Brief:
If a line below falls between the line with "Ο Πέτρος Μπουκοβίνας" and the line with "安多公路养护段巡护车和一辆货车行进在国道109唐古拉山口路段(1月13日摄)。新华社记者 张汝锋 摄", or is one of those two, output it exactly; output nothing else and no pictures.

(Items from a dataset)

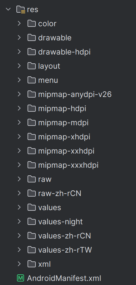 Android 的资源库存储着 APP 的本地资源,包括布局文件、图片、音频、字符串、颜色等内容,这些资源使用 XML 语法编写,被存储在项目文件的 res 目录下,在 APP 运行时可以被调用。
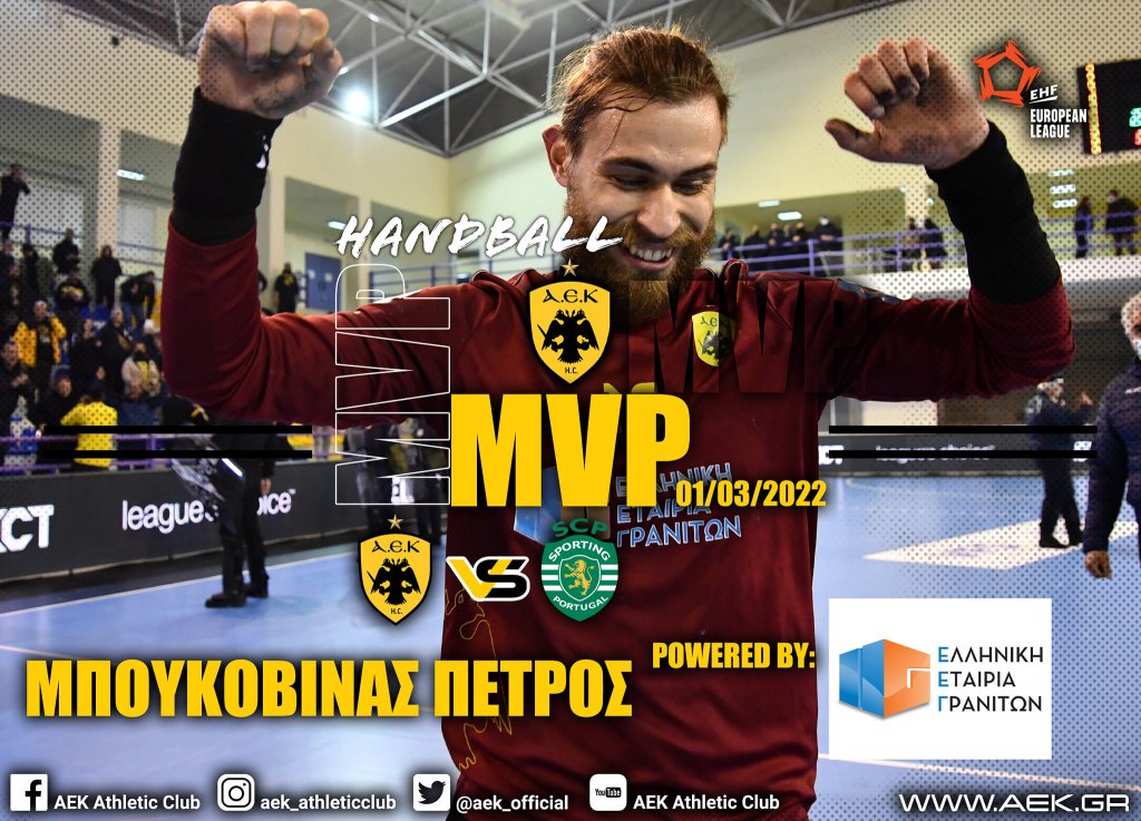 Ο Πέτρος Μπουκοβίνας αναδείχθηκε «Ελληνική Εταιρία Γρανιτών Α.Β.Ε.Ε.» MVP της αναμέτρησης με την Σπόρτινγκ. Ο τερματοφύλακας της ΑΕΚ είχε εξαιρετική παρουσία και καλά ποσοστά αποκρούσεων κάτω από τα δοκάρια και ήταν καθοριστικός παράγοντας στη νίκη της Ένωσης επί της ομάδας της Λισαβόνας με 25-24.
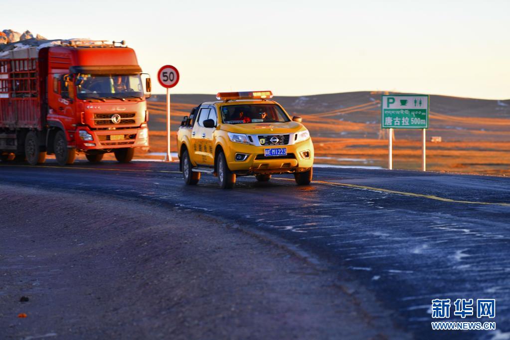安多公路养护段巡护车和一辆货车行进在国道109唐古拉山口路段(1月13日摄)。新华社记者 张汝锋 摄
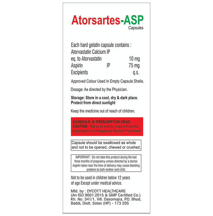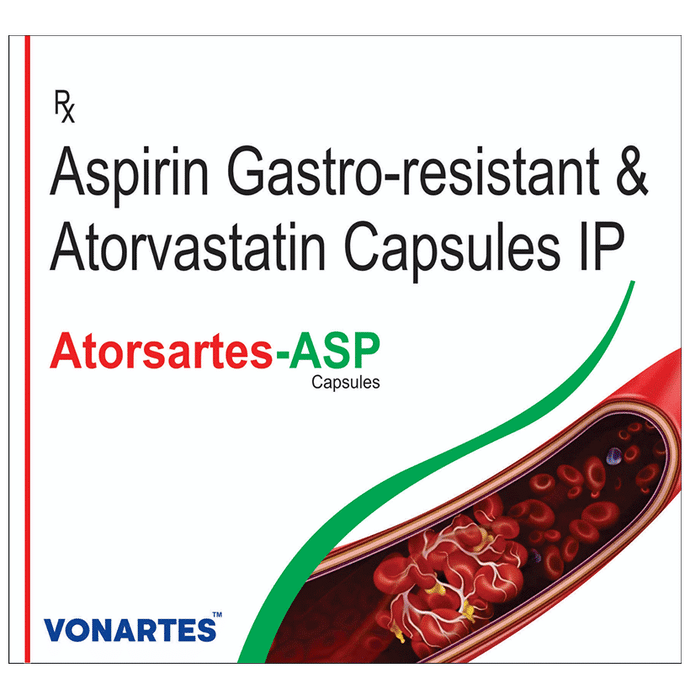 Manufacturer details: Marketer details:Vonartes Pharmaceutical LLP | Shop NO. – 117, Pushkar Estate – 2, Opp. National Rifle Phase – 1, GIDC, Vatva, Ahmedabad – 382450, Description:Atorsartes-ASP Capsule is a combination of two medicines used to prevent heart attack and stroke. It lowers the ‘__’bad’__’ cholesterol (LDL), triglycerides and raises the ‘__’good’__’ cholesterol (HDL) levels in the body. Moreover, it also decreases the formation of blood clots. Atorsartes-ASP Capsule should be taken with food to avoid stomach upset. You should take it regularly at evenly spaced intervals as per the schedule prescribed by your doctor. Taking it at the same time every day will help you remember to take it. The dose and duration of treatment will depend on what you are being treated for. Do not stop taking it until you have finished the complete course, even when you feel better. Lifestyle changes like a low-fat diet, exercise, and not smoking may help this medicine to work better.Abdominal pain, indigestion, constipation, joint pain, and insomnia are some common side effects of this medicine. This medicine increases your risk of bleeding, so it is important to be careful while shaving, cutting nails, using sharp objects, or engaging in contact sports (e.g., football, wrestling). Let your doctor know if you notice yellowing of the skin, muscle pain, or dark urine.Before taking this medicine, tell your doctor if you have liver or kidney disease or you are suffering from a bleeding disorder. You must tell your doctor if you are pregnant, planning pregnancy, or breastfeeding. You should also let your healthcare team know all other medicines you are taking as they may affect, or be affected by this medicine.
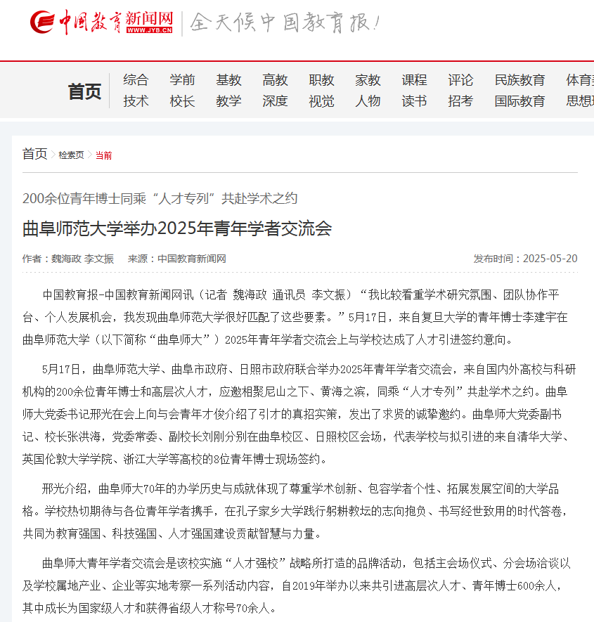 中国教育报-中国教育新闻网讯(记者 魏海政 通讯员 李文振)“我比较看重学术研究氛围、团队协作平台、个人发展机会,我发现完美网页版很好匹配了这些要素。”5月17日,来自复旦大学的青年博士李建宇在完美网页版(以下简称“曲阜师大”)2025年青年学者交流会上与学校达成了人才引进签约意向。
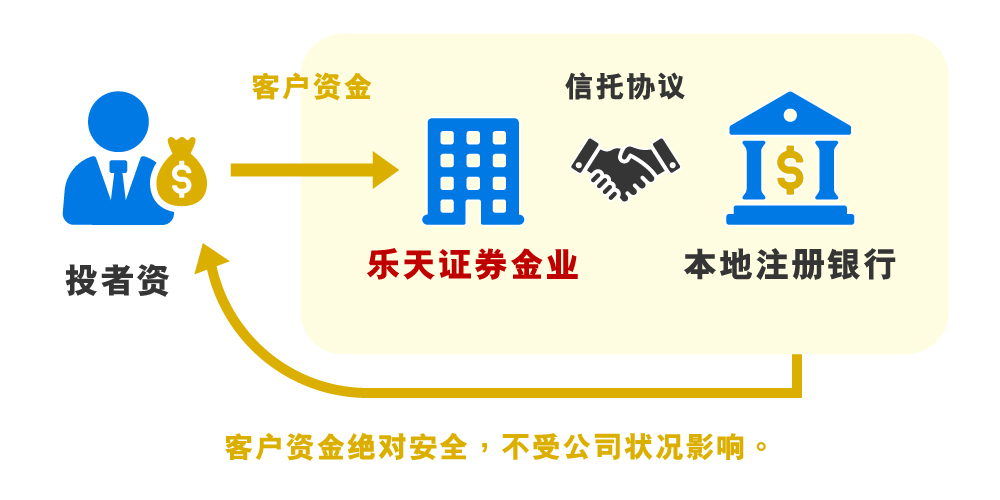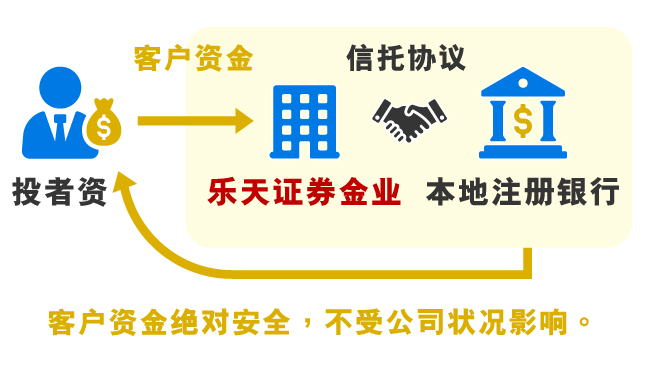 客户资金由本地注册银行的独立信托账户托管,与乐天证券金业自有资金隔离存放,确保客户资金绝对安全,不受公司状况影响。
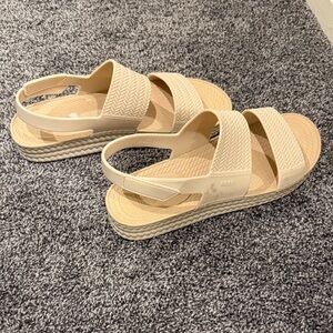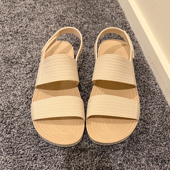 Chic and comfortable Reef sandals. Cream color with textured straps. Bought in Australia because I forgot mine, don’t need these anymore. Only worn twice to and from the beach.

The completed task:
 Ο Πέτρος Μπουκοβίνας αναδείχθηκε «Ελληνική Εταιρία Γρανιτών Α.Β.Ε.Ε.» MVP της αναμέτρησης με την Σπόρτινγκ. Ο τερματοφύλακας της ΑΕΚ είχε εξαιρετική παρουσία και καλά ποσοστά αποκρούσεων κάτω από τα δοκάρια και ήταν καθοριστικός παράγοντας στη νίκη της Ένωσης επί της ομάδας της Λισαβόνας με 25-24.
安多公路养护段巡护车和一辆货车行进在国道109唐古拉山口路段(1月13日摄)。新华社记者 张汝锋 摄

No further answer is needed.